Mayor of Potsdam
- In office 1984–1989
- Preceded by: Brunhilde Hanke
- Succeeded by: Manfred Bille

Personal details
- Born: 21 August 1939 (age 86) Bannewitz, Nazi Germany
- Party: Socialist Unity Party of Germany (1960–1989)
- Alma mater: Parteihochschule Karl Marx Technical University of Dresden

Military service
- Allegiance: East Germany
- Branch/service: National People's Army
- Years of service: 1957–1960

= Wilfried Seidel =

German politician

Wilfried Seidel (born 21 August 1939) is a former German politician. Seidel was mayor of Potsdam between 1984 and 1989.

== Life ==
Seidel was born on 21 August 1939 in Bannewitz. After graduating high school in 1957, Seidel enlisted in the National People's Army where he would serve until 1960. In 1960, he joined the Socialist Unity Party of Germany (SED). In the same year, Seidel began studying at the "Rudolf Diesel" engineering school in Meißen. After graduating in 1963, he worked as an industrial eingineer. Between 1965 and 1966, Seidel attended a district party school of the Socialist Unity Party.

Seidel acquired his first political position in 1970, when he became deputy chairman of the Zossen regional government. In 1976 he studied industrial eingineering and industrial economics at the Technical University of Dresden. Seidel's final educational undertaking was a degree in social science at the Parteihochschule Karl Marx. In 1979, Seidel became chairman of the Rathenow regional government. He would hold this post until 1984.

In 1984, Seidel became mayor of Potsdam, succeeding Brunhilde Hanke.

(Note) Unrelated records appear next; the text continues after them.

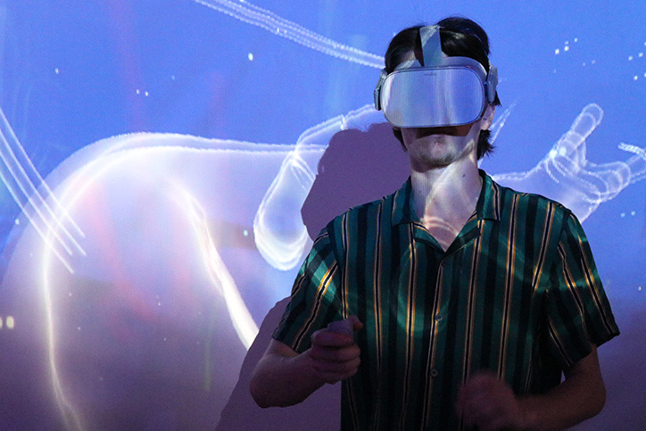 We have chosen to use virtual reality as a simulation space to reinforce the collaboration between scientists and participants. Also, this could be a good pedagogical way to simulate the interaction of plankton. With this device, the objective is to maintain the desire and curiosity of the participants. The notion of gamification used in our virtual space is a way to go further in edutainment learning.
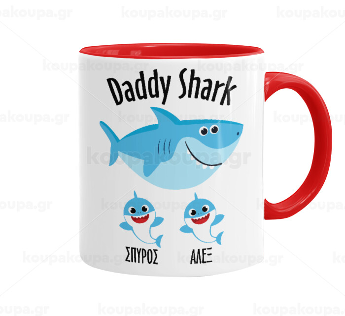 Daddy Shark (με ονόματα παιδικά), Mug colored red, ceramic, 330ml
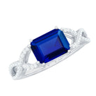 Octagon Created Blue Sapphire East-West Crossover Ring with Diamond
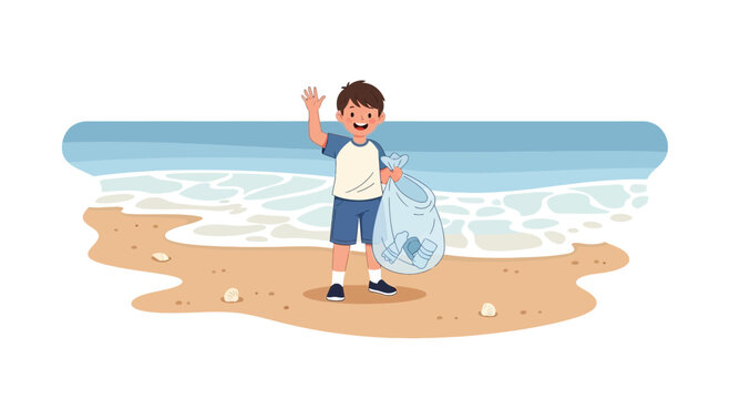 Boy cleaning up beach, supporting environment, and showing a bright smile while waving
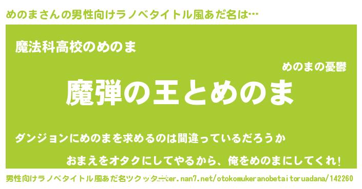 | ヒーロー風カッコイイあだ名 | 『仮面メノダー』『超時空戦士メノマ』 |
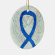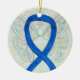 O ornamento do anjo da guarda apresenta a pintura de um anjo azul de fita de reconhecimento. A arte da fita de anjo de consciência azul pode ser personalizada com mensagens personalizadas para fazer ornamentos de causas de excelentes ou pendentes para arrecadadores de fundos, presentes de Natal ou feriados, ou outros eventos ou ocasiões especiais.

During his tenure as mayor, Potsdam signed a sister city agreement with Bonn. A minor diplomatic incident occurred during the diplomatic tour surrounding the sister city agreement. While visiting Potsdam, the mayor of Bonn, Hans Daniels, made critical remarks about the East German government on live television. Seidel was chastised by party officials for his handling of the incident. Daniels later followed up his remarks by comparing the German Democratic Republic to Apartheid South Africa. As a result, diplomatic relations between the two cities were dampened until German reunification, although the sister city agreement remained in place.

After being dismissed from his post as mayor of Potsdam in 1989, Seidel was employed as a chairman of the Bezirk Potsdam Workers' and Peasants' Inspection, an economic planning institution. He held this role from June 1989 to December 1989. In 1990, Siedel was director of public housing in Stahnsdorf-Kleinmachnow. Following German reunification, he worked as a self-employed insurance broker.

== 1989 Municipal election fraud scandal ==

Seidel was involved in tampering with the May 1989 East German municipal elections in Potsdam. He, along with several other local politicians arranged to underreport the number of 'against' votes against the incumbent administration. Approximately 2,400 'against' votes were not reported to the Electoral Commission of the German Democratic Republic. During the vote tabulation process, discrepancies in the results were reported to East German authorities by election scrutineers. On 22 May 1989 Seidel was removed from office, along with a third of Potsdam city councillors. The Socialist Unity Party (SED) then appointed Manfred Bille to succeed Seidel as mayor of Potsdam. The SED publicly accused Siedel of being the ringleader of the plot. Seidel was arrested by the East German Volkspolizei in June 1990, together with his deputy Marlies Nopens and former city councillor Lothar Holz. Harry Klapproth, one of the other potential co-defendants, had committed suicide several weeks prior after being interviewed by the police. Although originally charged by East German authorities, Seidel's case was prosecuted following German reunification in September 1991. Seidel and his co-defendants received support from the conservative politician Lothar de Maizière, who called for amnesty. Seidel pled guilty and was received eight months of probation and a fine.